Firma English Heritage Buildings Ltd. z Wielkiej Brytanii sprzeciwiła się udzieleniu prawa ochronnego na znak HERITAGE. W wersji słowno-graficznej w 2006 r. zgłosiła go Fabryka Ceramiki Budowlanej sp. z o.o. z Ostrzeszowa. Zastrzegła go na ceramikę budowlaną, dachówki robione ręcznie (kl. 19) oraz na pośrednictwo handlowe tymi towarami (kl. 35). Urząd Patentowy zarejestrował znak w 2007 r.
Firma English Heritage Buildings posiada międzynarodową rejestrację na słowno-graficzny znak HERITAGE ENGLISH BUILDINGS. Sygnuje nim m. in.: budynki gospodarcze, garaże, domki letniskowe, altany (kl. 19) oraz usługi budowlane, naprawy, usługi instalacyjne (kl. 37). Znak został zarejestrowany w grudniu 2005 r. W tych samych klasach firma brytyjska posiada także drugi międzynarodowy znak HERITAGE BUILDINGS.

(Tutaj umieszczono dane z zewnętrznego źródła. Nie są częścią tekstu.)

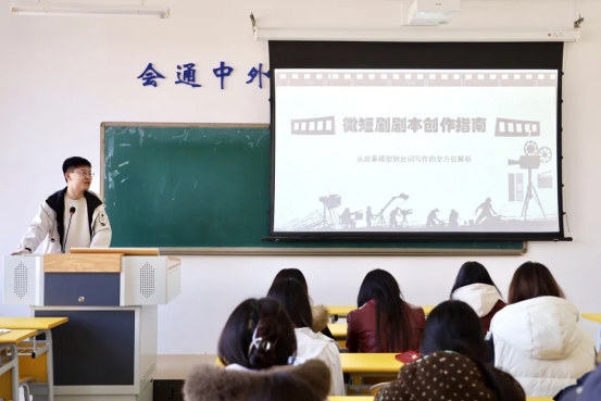 讲座中,杜宁介绍了国家对微短剧的相关政策和行业发展态势,着重阐释了吉林省对微短剧的创作要求和主题方向,为同学们进行微短剧创作提供了重要指导。周禹霖围绕微短剧剧本创作,从故事模型到台词写作,全方位解析了微短剧剧本的创作要点和写作经验。
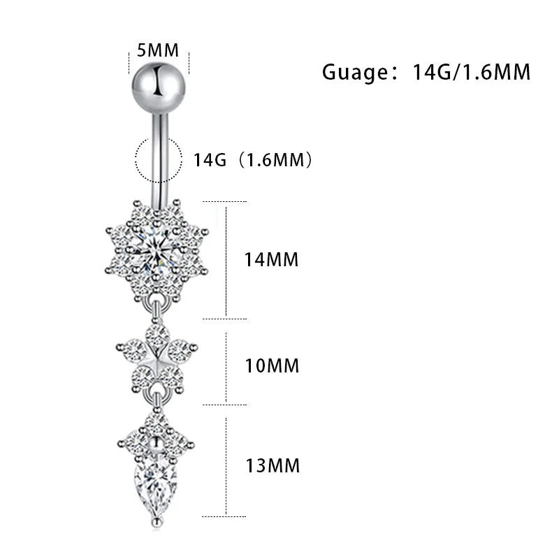 Ce piercing nombril apporte une touche de glamour et de féminité à votre look. Son design floral délicat et ses cristaux scintillants en font un accessoire idéal pour sublimer votre silhouette avec élégance, que ce soit à la plage, en soirée ou au quotidien.
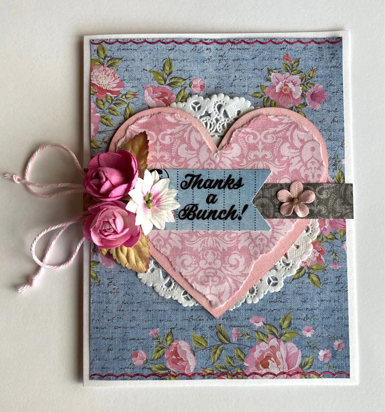 LeNae glued paper from Denim Bouquet Artful Card Kit to the 5”x6.5” card. She used Flamingo Paradise Prism ink on the Chipboard then glued pink Denim Bouquet torn paper on top. She glued 4” Paper Doily on the back and glued it to the card. A brown strip of Denim paper was glued across the heart and a die-cut on top. She added Blush Country Blooms and Ballet Slipper Pixie Petals flowers with Thin Line Glitter Dazzles™ stickers at the top and bottom. Baker’s twine from the Light Pink Ribbon Set finishes the card.

Jej pełnomocnik zarzucił konfuzyjne podobieństwo (naruszenie art. 132 ust. 2 pkt 2 prawa własności przemysłowej) oraz zgłoszenie spornego znaku w złej wierze (naruszenie art. 131 ust. 2 pkt 1 pwp).
– Znak HERITAGE sygnuje dachówki wykonywane ręcznie na zamówienie dla kościołów i zabytków. Przeciwstawione znaki sygnują zatem wyroby o innym przeznaczeniu – argumentowała pełnomocnik (rzecznik patentowy) Fabryki Ceramiki. Dodała, że słowo „heritage", eksploatowane w wielu znakach, nie jest oznaczeniem silnie odróżniającym.

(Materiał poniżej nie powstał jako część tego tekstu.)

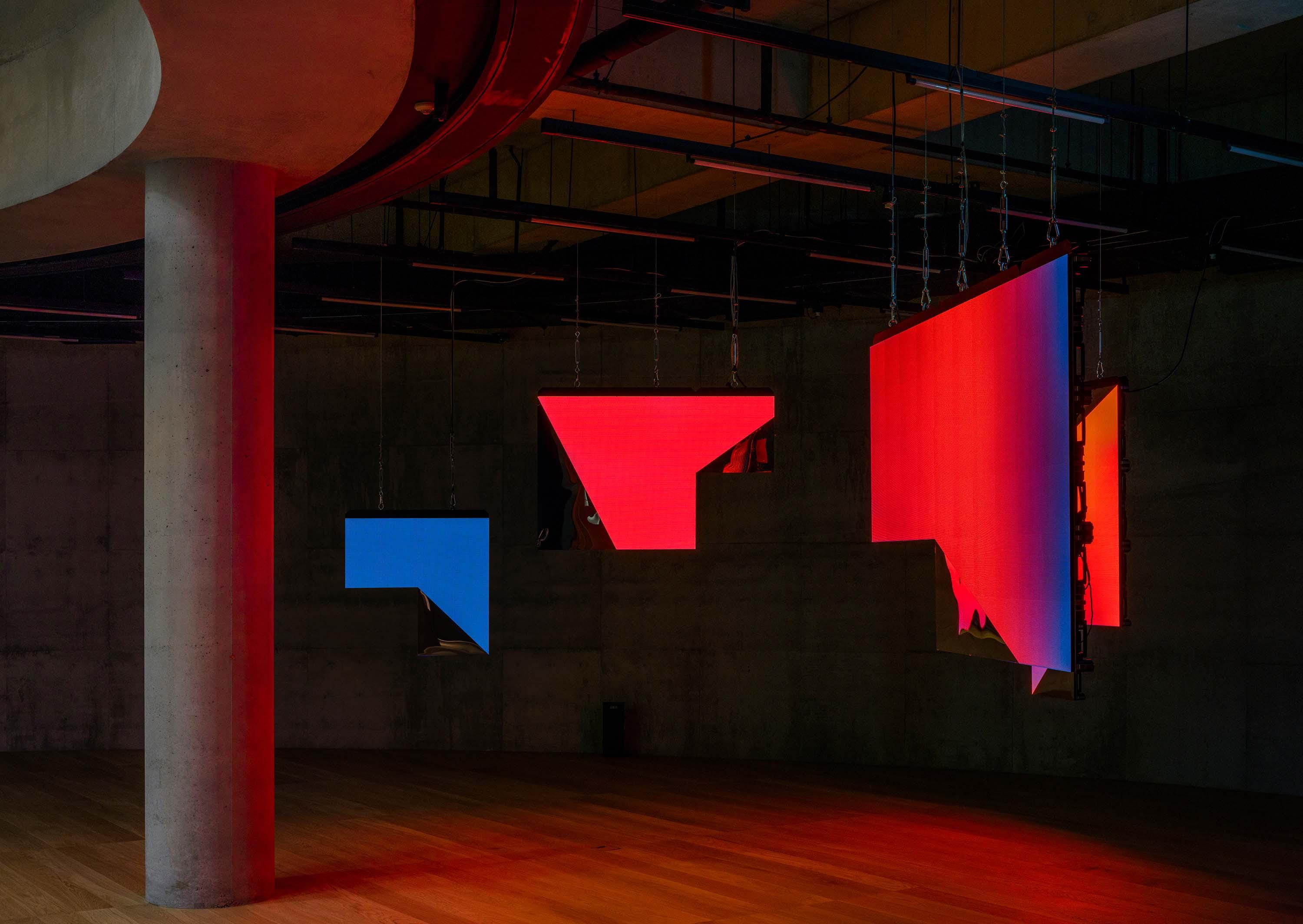 In Ghost Wall, Kwon utilized video imagery, shattered glass patterns, red light, and sound to construct immersive environments, where the material medium of media and its illusory images intersect and destabilize one another. The TV, once a passive receiver, is transformed into a sculptural performer, dominating the surrounding space.

Kolegium ds. spornych UP oddaliło sprzeciw. Zgodziło się, że chodzi tu o odmienne towary. Podkreśliło, że nabywcy nie kupują tych towarów bez namysłu. Kolegium zaznaczyło, że samo zgłoszenie podobnego oznaczenia (nawet gdyby tak było) nie świadczy jeszcze o działaniu w złej wierze.